# Problems...



## toddxtrail69 (Jul 12, 2010)

Hi all! Wonder if you could help me with a few problems with my Xtrail. 1st, the engine struggles to start whenever the temperature is below about 5 degrees. Given the the temp has been as low as -10 this past week it's really struggled!! It cranks very slowly and won't fire up for 10 seconds or so, there's usually a lot of white smoke when it eventually starts! Iv been heating the plugs 3 times before trying to fire it up but it doesn't seem to be helping much. Any ideas what could be wrong? Last week the engine cut out whilst running cold and wouldn't start.

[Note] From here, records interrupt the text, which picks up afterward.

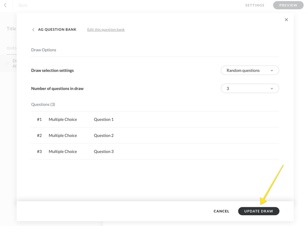 If the source question bank is modified, those changes aren't reflected until you edit the draw. Click Edit, then click Update Draw, and the images that you added to the questions in the bank should appear.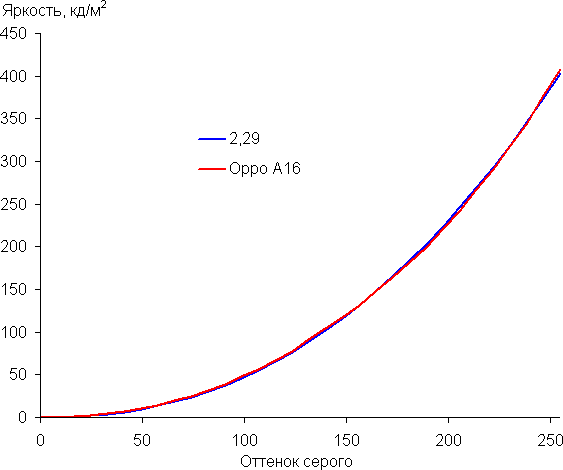 Контрастность (примерно в центре экрана) высокая — порядка 1500:1. Время отклика при переходе черный-белый-черный равно 16 мс (8 мс вкл. + 8 мс выкл.). Переход между полутонами серого 25% и 75% (по численному значению цвета) и обратно в сумме занимает 26 мс. Построенная по 32 точкам с равным интервалом по численному значению оттенка серого гамма-кривая не выявила завала ни в светах, ни в тенях. Показатель аппроксимирующей степенной функции равен 2,29, что немного выше стандартного значения 2,2. При этом реальная гамма-кривая немного отклоняется от степенной зависимости: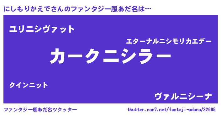 | 欧米人風あだ名 | 『にしもりかえで・ステッグマイヤー』 |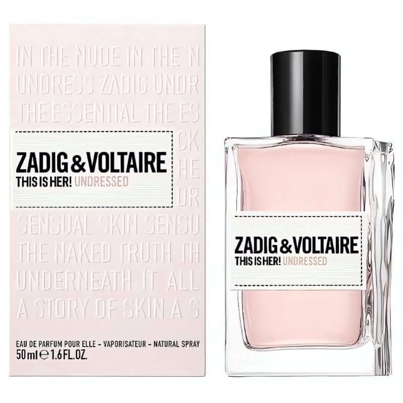 Vůně This Is Her! Undressed od značky Zadig & Voltaire je oslavou ženské jedinečnosti a odvahy. Vznikla pod rukama talentované parfumérky Sidonie Lancesseur, která spojila pikantní zázvor s jemností květu pomerančovníku, čímž vytvořila harmonii mezi sílou a něhou. Tato veganská parfémová voda, uvedená na trh v roce 2023, přináší smyslné akordy kůže a sůl, které evokují nezapomenutelné okamžiky. Flakon, jednoduchý a elegantní, symbolizuje čistotu a sofistikovanost. Tato vůně, určená pro výjimečné ženy, je výrazem osobitého stylu a odvahy být sebou samou.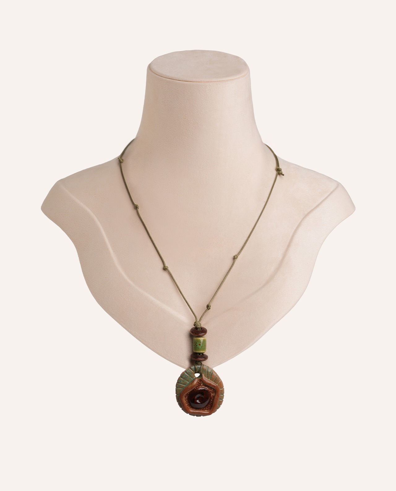 The main pendant is handcrafted by ceramic artists, so each piece carries its own character. Earthy green and brown accents give the necklace an organic, calming look. The thin knotted cord is adjustable for length, offering comfortable, personalized wear. Bead details enrich the composition and instantly enliven even the simplest outfits. With the Fingerprint series’ aesthetic, this piece feels more like a small work of art than just jewelry. Styling suggestion: pairs naturally with a white shirt, a linen blouse, or bohemian dresses—an elegant, eye-catching piece that transitions effortlessly from day to night.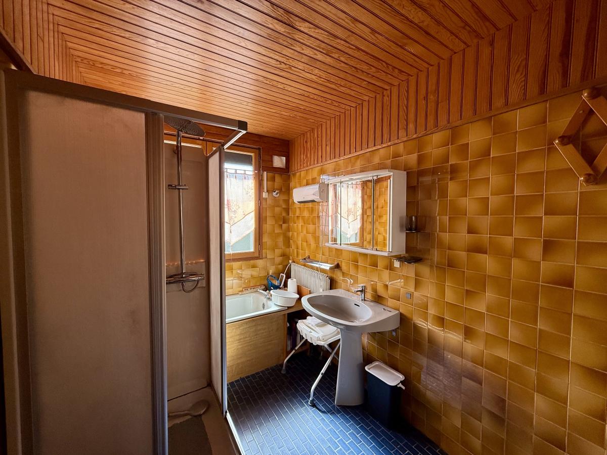 Au rez-de-chaussée, un hall d’entrée, wc, une cuisine aménagée, un couloir de dégagement, une salle de bains avec une baignoire, une vasque et une douche cabine. Dans le prolongement, deux chambres dont une avec un petit espace de rangement et pour compléter l'ensemble un salon/séjour équipée d'un insert bois et bénéficiant d'un balcon terrasse.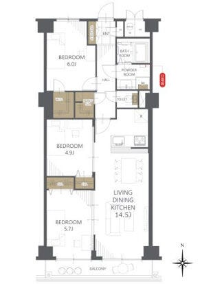 | 主要採光 | 南向 | バルコニー | 南向6.72㎡ |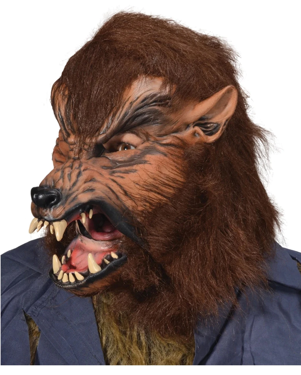 Werwolf Maske einer haarigen, braunen Bestie mit Reißzähnen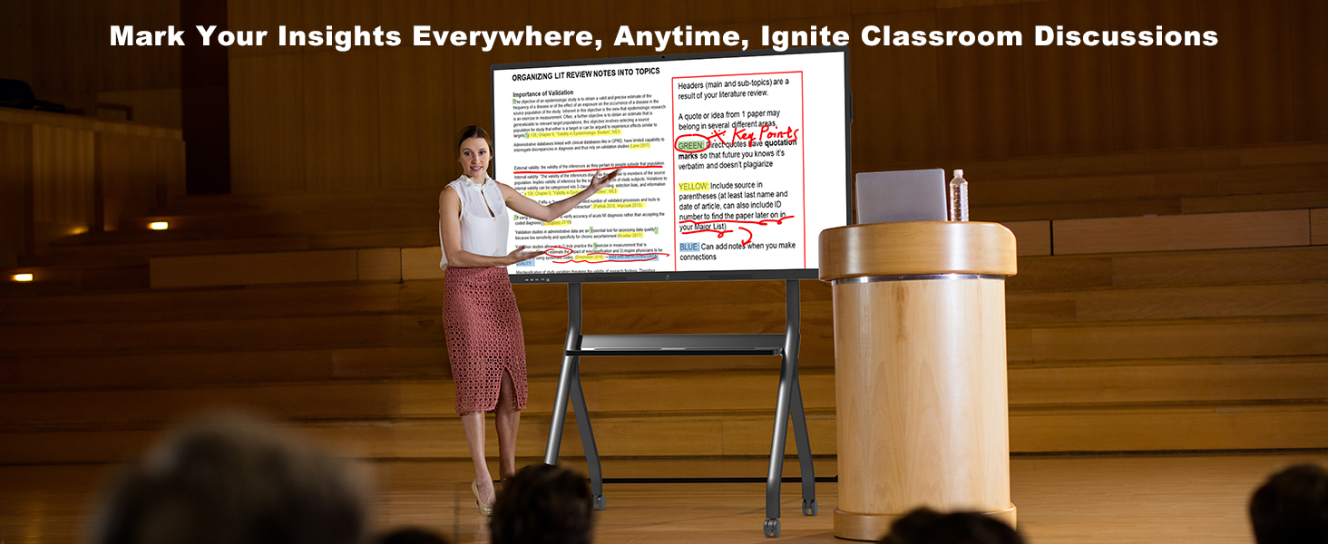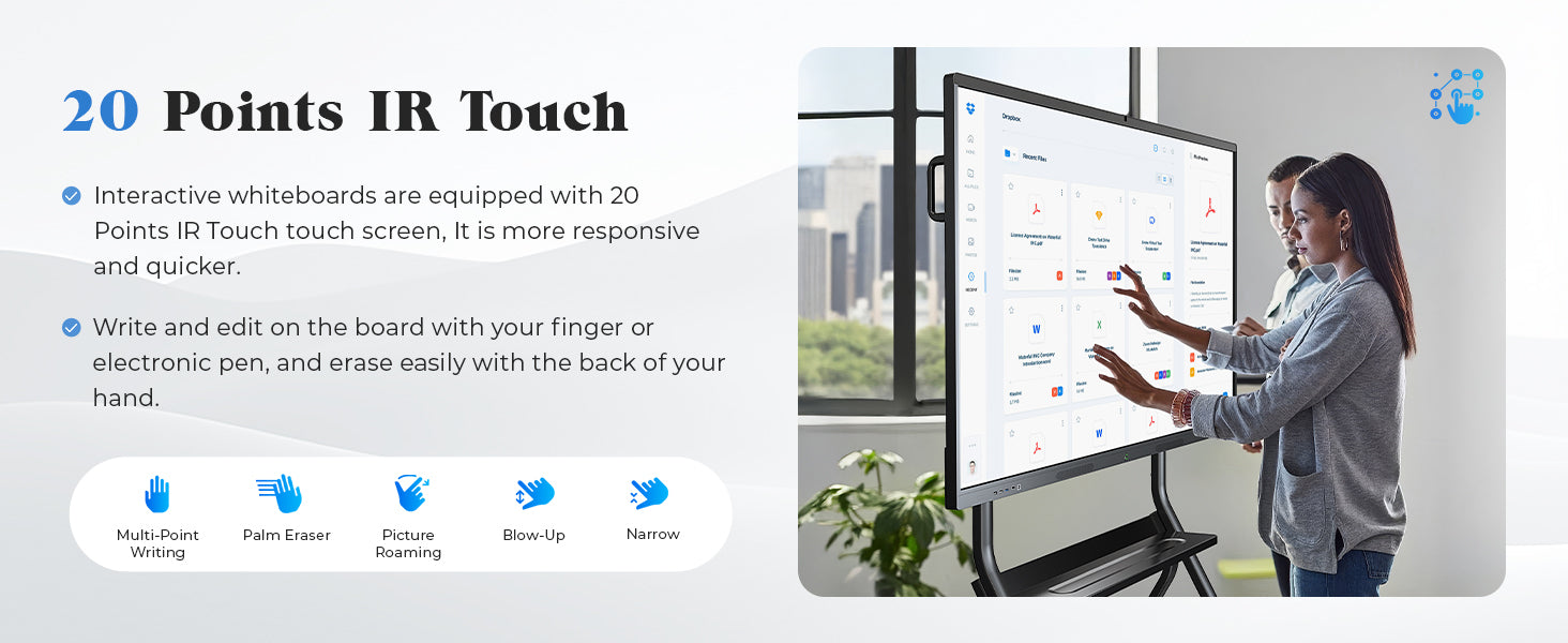 - INNOVATIVE INTERACTIVE EXPERIENCE : This interactive whiteboard features 20-point multi-touch with 8ms ultra-low latency, enabling real-time annotation on images, PDFs, and videos. Ideal for presentation board tasks like team brainstorming in offices or classroom group activities.

Started it with my booster pack and it's not failed since, but it still takes around 10 secs of cranking before it fires.

Secondly, a few of the lights on the dash do not work. It's the auto/2wd lights and some of the lights on the climate control. Is this likely to be blown bulbs or blown fuses? Also, the lights on the speedo intermittently work and fail! Any ideas?

Finally, could somebody please recommend what engine oil I should use? I'm servicing it next week! Iv got a 2001 2.2di Xtrail. I've been advised 5w-30, as the cars already covered 100K miles, will it make much difference if I use full or part synthetic?

Thanks in advance guys!


----------